The Land Registry of England and Wales is offering redundancy terms to around 1,250 staff, prompting fears that an ‘exodus of experience’ could harm standards of service once the property market recovers.
Revenue at the self-funding agency has fallen sharply in recent months with the collapse in property transactions.
Peter Collis, chief registrar and chief executive, said that cuts would safeguard the Registry’s long-term position. ‘We don’t know how long the property market will be in the doldrums, but we’re determined to emerge from it stronger and more successful than ever before,’ he said.
The Registry said it is offering voluntary redundancy to all its registration assistants and registration officers, who make up around 1,250 of the agency’s 8,300 staff. It has also offered early retirement to staff aged 50 or older.
Hilary Palmer, a property solicitor at Westminster firm Winckworth Sherwood, said: ‘The longest-serving staff are likeliest to go because they’ll get the best packages.

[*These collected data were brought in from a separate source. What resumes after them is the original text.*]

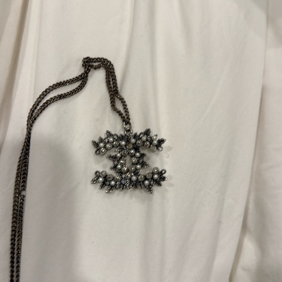 Beautiful pendant on long chain. It got slightly darker due to metal properties but can be easily cleaned. Adjustable chain.
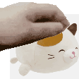 An animated sticker showing a hand gently petting a soft, adorable plush cat, conveying comfort and affection.
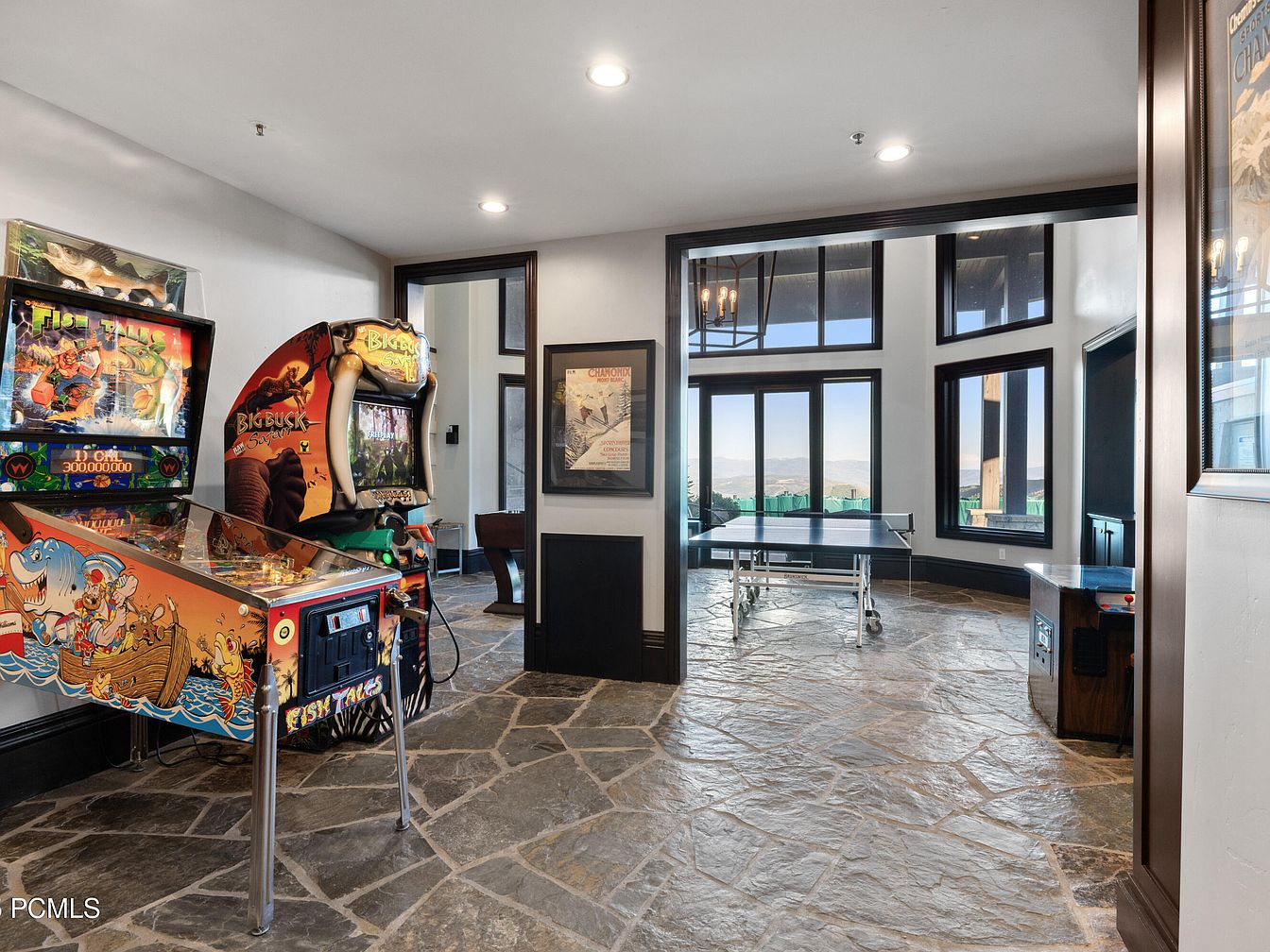 This vibrant game room exudes a sense of fun and leisure, making it an inviting space for family gatherings and entertainment. Featuring classic arcade games alongside a sleek ping pong table, the layout cleverly balances active recreation with relaxed lounging. The room is adorned with expansive windows that flood the space with natural light, highlighting the unique stone flooring and dark wooden accents that add sophistication. Warm neutral tones complement the playful decor, creating an inviting atmosphere. This space not only encourages interaction and enjoyment but also provides stunning views for a scenic backdrop.
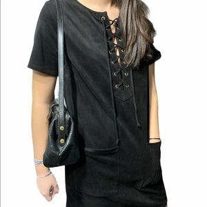 F21 faux suede shift dress in amazing used condition. Has a collar and a crisscross tie design and has two functional pockets in front comes in black. Dress it up or wear it down goes all with a nice chunky belt.
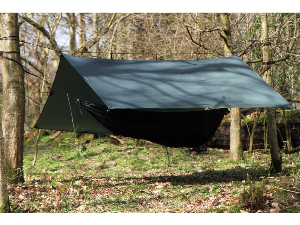 Rozměr 3x2,9m - čtvercový tvar, nekompromisní prostor, podlepené švy, 19 mohutně vyztužených vázacích ok, včetně tří ok v hřebenové linii. Je možné využít jako samostatný-ultralehký bivakovací přístřešek s možností stavby celé řady typů přístřešků nebo např. v kombinaci s hamakou.
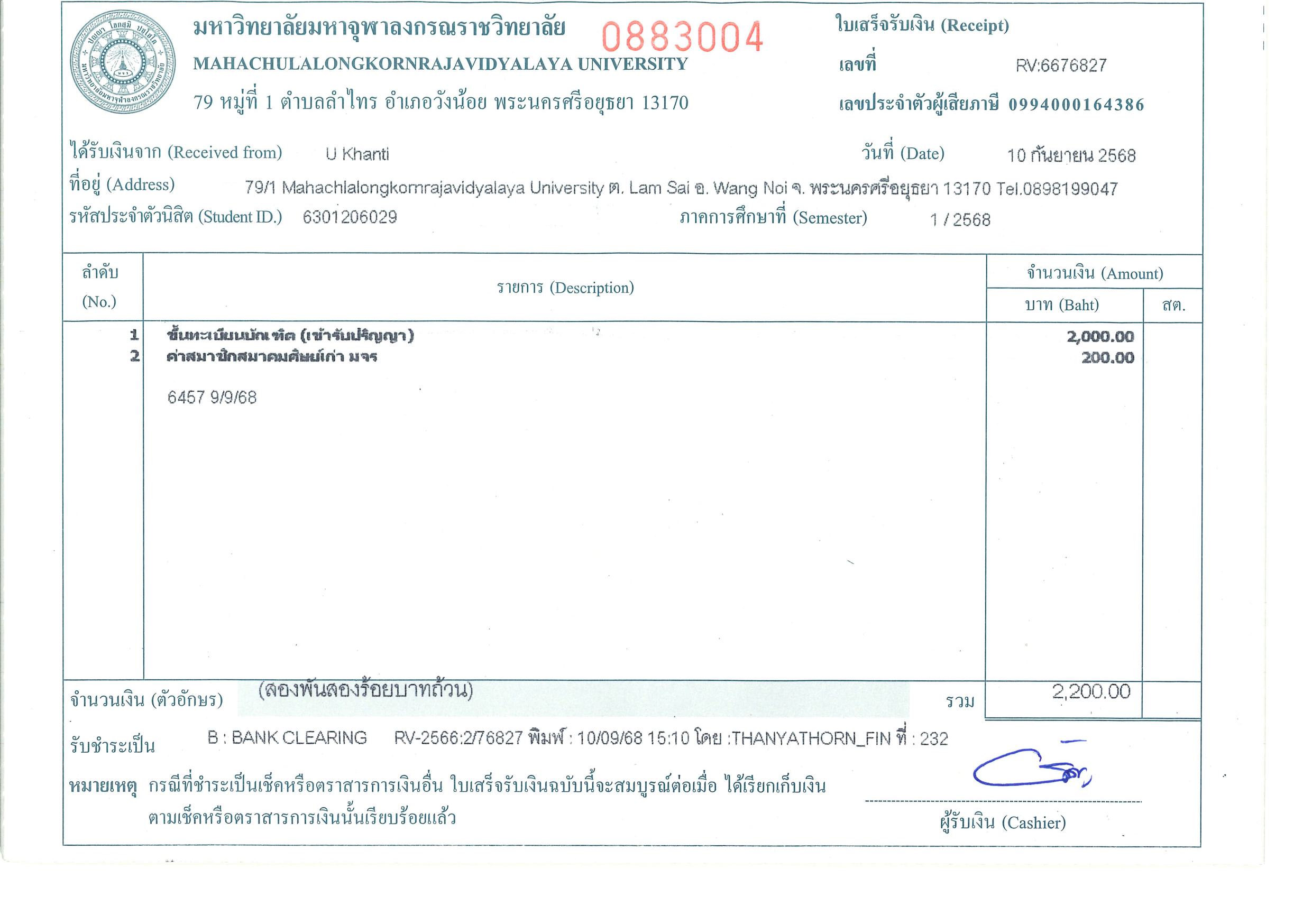 | รหัสนิสิต : 6301206029 | ชื่อ : U Khanti | ฉายา: - | นามสกุล: - |
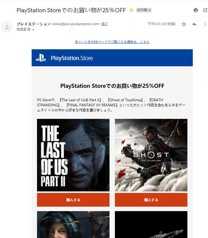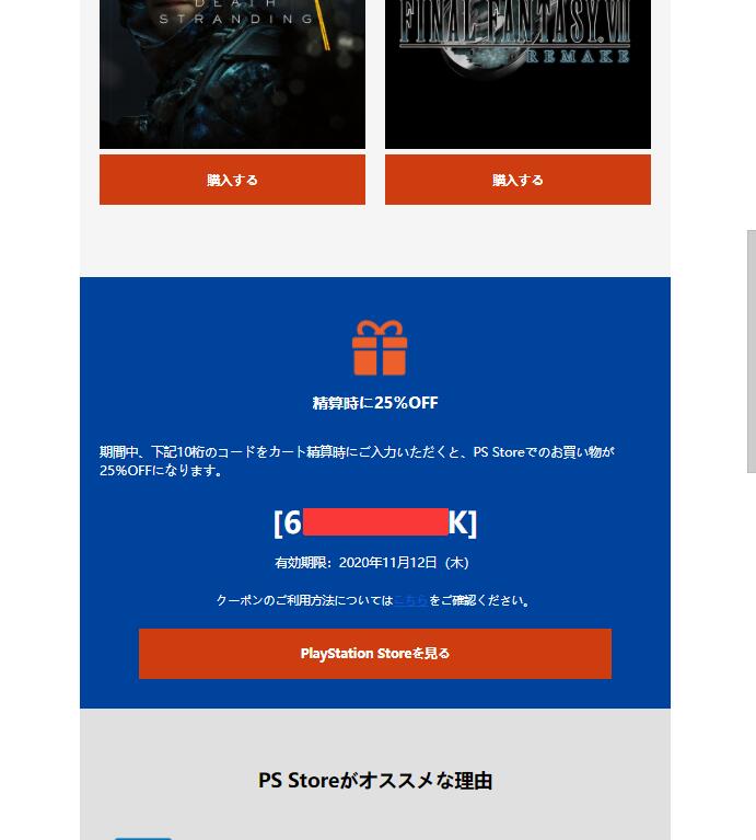 差点直接关掉邮件了,不小心往下一拉突然看到“期間中、下記10桁のコードをカート精算時にご入力いただくと、PS Storeでのお買い物が25%OFFになります。”

This exodus of experience will have a knock-on effect on the quality of LR work once the market picks up again.’ Temporary redeployment of staff, or compulsory redundancy based on criteria other than wanting to leave, might be better economics, she said.
Richard Barnett, senior partner at north-west volume conveyancing firm Barnetts, said he was not surprised at the cuts. ‘But I hope it’s done in a sensitive and rational way that won’t affect efficiencies when the downturn ends,’ he stressed.
However, Paul Marsh, Law Society President and consultant at Surrey firm Downs Solicitors, said the proposed redundancies were part of an evolution towards greater use of electronic rather than manual processes. ‘Employee numbers are bound to fall, but the LR is a well-run organisation and won’t allow staffing levels to drop to the detriment of service,’ he commented.